AbstractsComputer Science

A computer vision approach for sewer overflow monitoring

by Meng Han




Institution: University of Illinois – Urbana-Champaign
Department: 0106
Degree: MS
Year: 2015
Keywords: Computer vision
Record ID: 2060778
Full text PDF: http://hdl.handle.net/2142/72810


Abstract

Combined Sewer Systems (CSS) exist in over 700 communities across the United States. Under extreme wet conditions, excess inflow which is beyond the capacity of CSS results in Combined Sewer Overflows (CSOs); the consequence being direct discharge of untreated water into the environment. Current CSO monitoring methods rely on in situ placement, where the sensors are installed within the combined sewer chambers and the harsh environment may decrease the expected lifetime of the sensors. Other limitations include high costs and accessibility difficulties for the sensing equipment. CSOs are a major concern for maintaining acceptable water quality standards and thus better monitoring is required. To overcome current CSO sensing limitations, this work has created a computer vision based approach for CSO monitoring from outlet points of CSS. This approach relies only on video capture of CSO events at outlet points where there is flow out of a CSS, thus a camera can be installed outside of the CSS without any contact with water.
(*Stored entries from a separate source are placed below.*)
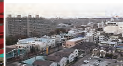
数多くのマンションが建ち並ぶ新松戸駅西口エリア。マンションごとの自治会の活動もさかんで、お子さん同士が仲良く遊ぶ姿も!

新松戸駅は日比谷や表参道などへ乗り換えなしで行けるJR常磐線各駅停車(東京メトロ千代田線)と、JR武蔵野線が交差していて、どこへ行くにもアクセス便利。大型スーパーや小売店が多く、公園や学校・青少年会館などの施設も揃っていてファミリー層からの支持が高いエリアです。お隣りの馬橋駅周辺はお団子やさんやおせんべいやさん、歴史あるお寺などがあり、お散歩が楽しいエリア。市役所の支所や、お子さんが病気の時でも預けられる病児・病後児保育室「ニコニコルーム」が駅の近くに揃っているので便利です。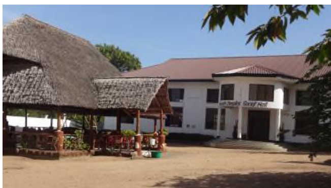
La kongresejo meze kaj la manĝejo maldekstre.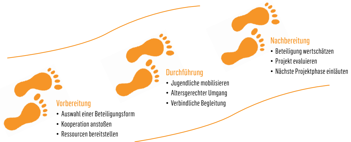
► Abb. 2: Die drei wesentlichen Schritte eines Jugendbeteiligungsprozesses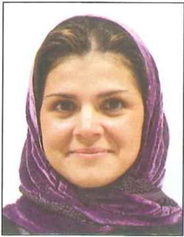
Foto con velo corretta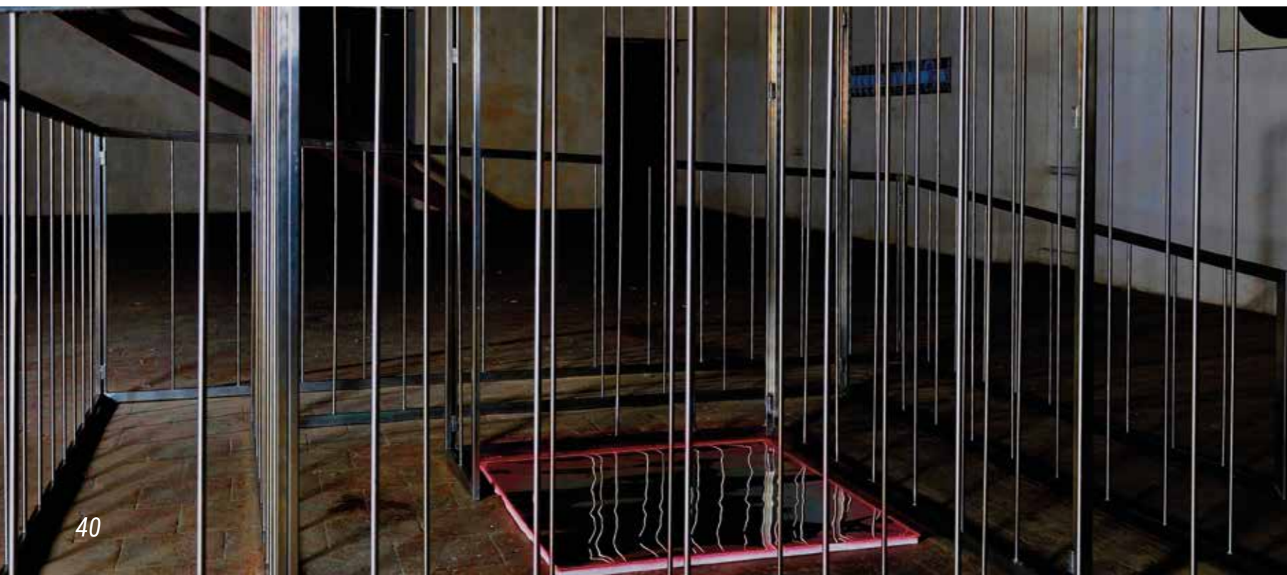
/ A /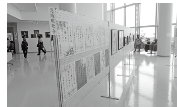
昨年の展示会場の様子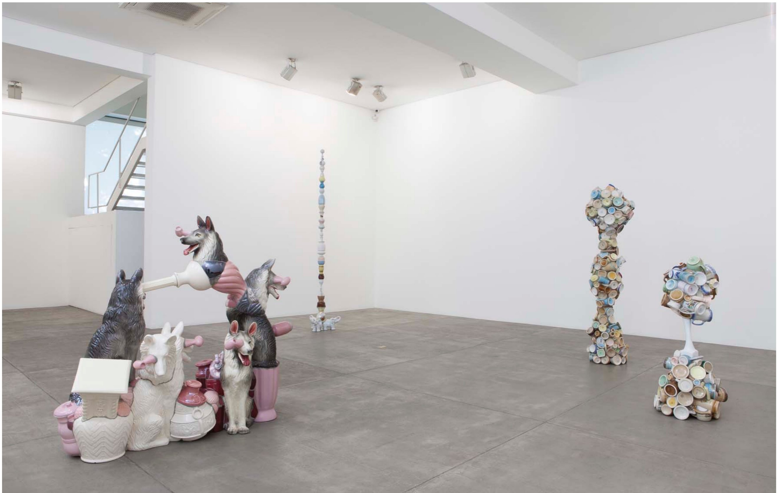
Barrão Galeria Fortes Vilaça | São Paulo, Brasil, 2012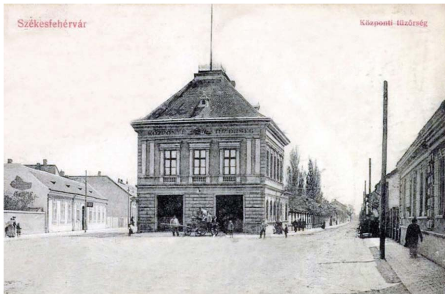
6. kép: A központi tűzörség épülete

ben állítottak, amikor az őrtanya külső megjelenésében is megújult. 84 A második világháború során keletkezett károkat 1945 áprilisában lakossági segítséggel sikerült helyrehozni. A gépkocsiparkot működőképessé tett katonai terepjárókkal egészítették ki.

The proposed methodology is capable of detecting, identifying and tracking CSOs by motion, shape and color features. It is also able to measure flow rate based on a proposed model and two provided dimensions. Consequently, the approach can characterize CSOs in terms of occurrence, duration and flow rate. In addition, the algorithm package is implemented in a Windows desktop application for data visualization, and an iOS application for real-time CSO video capturing and processing. The computer vision approach was tested in a laboratory environment with three different flow rate conditions: 5, 15 and 25 gallons per minute. The performance was evaluated by comparing the results reported by the approach with the ground-truth baselines. The detection of an overflow event using the computer vision approach is 1.0 second slower than a ground-truth method. Flow rates reported by the computer vision approach are within 12\% from the ground-truth flow rate baseline. The results of this work have shown that computer vision can be used as a reliable method for monitoring overflows under laboratory conditions. It opens the possibility of applying computer vision techniques in CSO monitoring from outlet points with mobile devices in the field.